Güçlü ülkeyiz, taa İsveç’ten vatandaşımızı uçakla getirip tedavi ediyoruz,

ABD’ye sağlık yardımı yaptık,

IMF bizden para istedi, verin dedik.

22 yıldır böyle. Seçim yaklaştıkça çıta yükseliyor.

Kazma vurulduktan sonra İstanbul küresel finans merkezleri endeksinde 42inci sıradan 90’ıncı sıraya gerilemişken…

Son yıllarda 85 milyar dolar yapancı para çekilip gitmişken…

Doğrudan yatırımlar 20 milyar seviyelerinden 7 – 8 milyar dolara (üstelik yarısı da ev satışı!) gerilemişken…

Bina açılışı yapıp, “Efendim bu gördüğünüz finans merkezidir” diyorlar.

“15 Mayıs sabahı bütün fonlar kapınızda olacak” diyorlar.

Ön cephede açılış yapılıyor, arkasında inşaat devam ediyor!

TOGG’u “ilk yerli” diye anlatmaları ayrı bir garabet.

Daha önce Anadol üretilmedi mi? Yanlış hatırlamıyorsam 60 bin adet satıldı. Ondan önce de ticarileşemeyen bir Devrim Otomobili var, 2006’da kapanan Tuzla Jeep Fabrikası var ki üretimi yüzde 100 yerliydi.

Fakat dikkatinizi çekmek istediği nokta başka. TOGG’un yerlilik oranından hiç söz etmiyorlar. Türkiye’de üretilen motorlu araçların yerlilik oranlarını her yıl bakanlık açıklıyor.
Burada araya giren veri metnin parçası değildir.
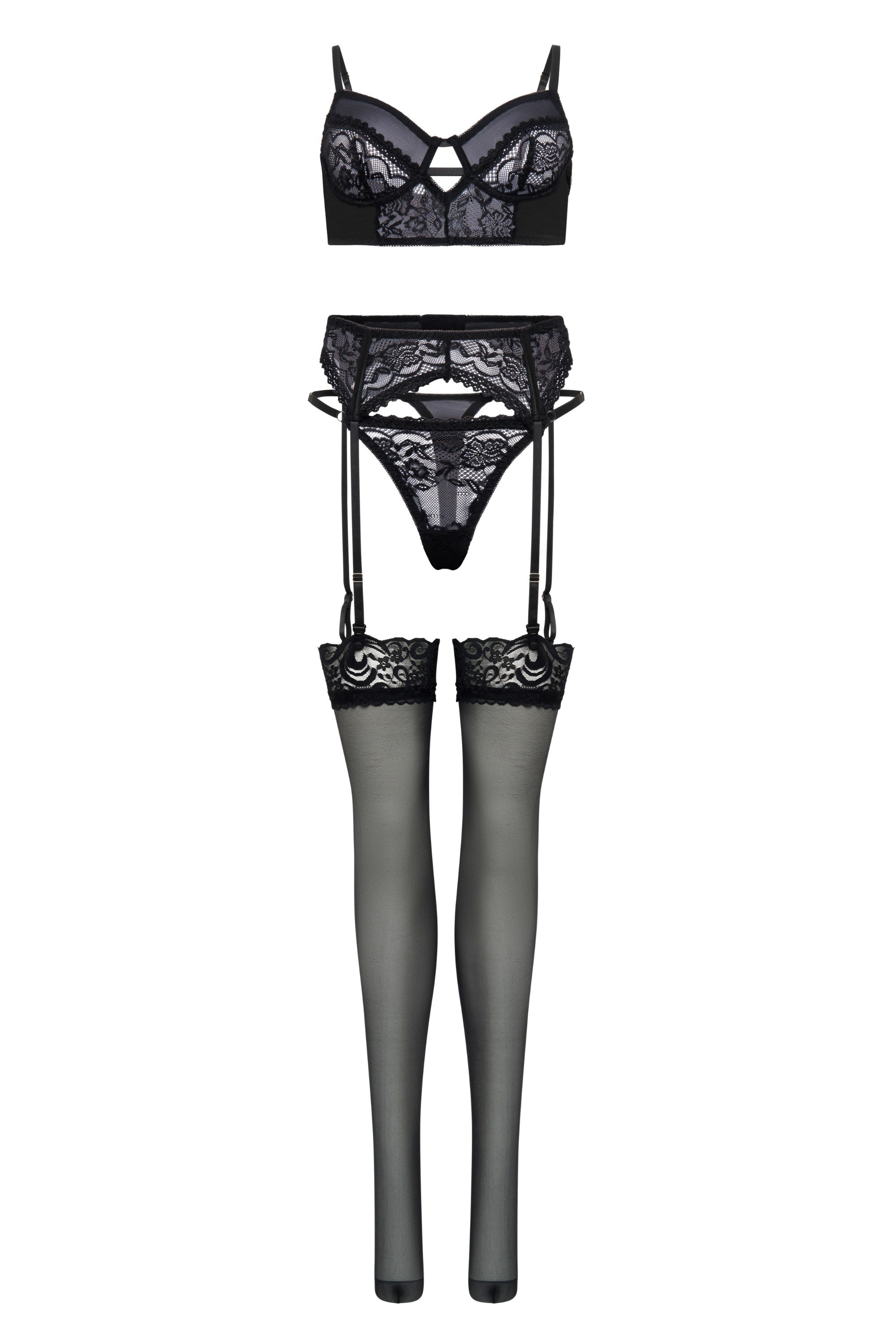 4-teiliges Spitzen-Dessous-Set mit formendem Bügel-BH, Strumpfhaltergürtel, String und feinen Strümpfen. Verstellbare Träger, weiche Materialien und perfekte Passform für besondere Anlässe – stilvolle Damen-Unterwäsche für ein sicheres Gefühl.

Linkini verdim, açın bakın. TOGG’u koymamışlar!

Türkiye’de üretilen marka – modellerde yerlilik oranı en yüksek araç Koreli Hyundai i20: % 68! Bu marka modellerinin yarısında yerlilik oranı 60’ın üstünde.

Egea Sedan’ın M1 sınıfı bir modelinde yüzde 64.

Ford Otosan’ın ürettiği bir ticari araç modelinde yerlilik % 82! Bu şirketin birçok aracında böyle yüksek oranlar var.

Anadolu ISUZU’nun bir otobüs modelinde yerlilik %79’un üzerinde.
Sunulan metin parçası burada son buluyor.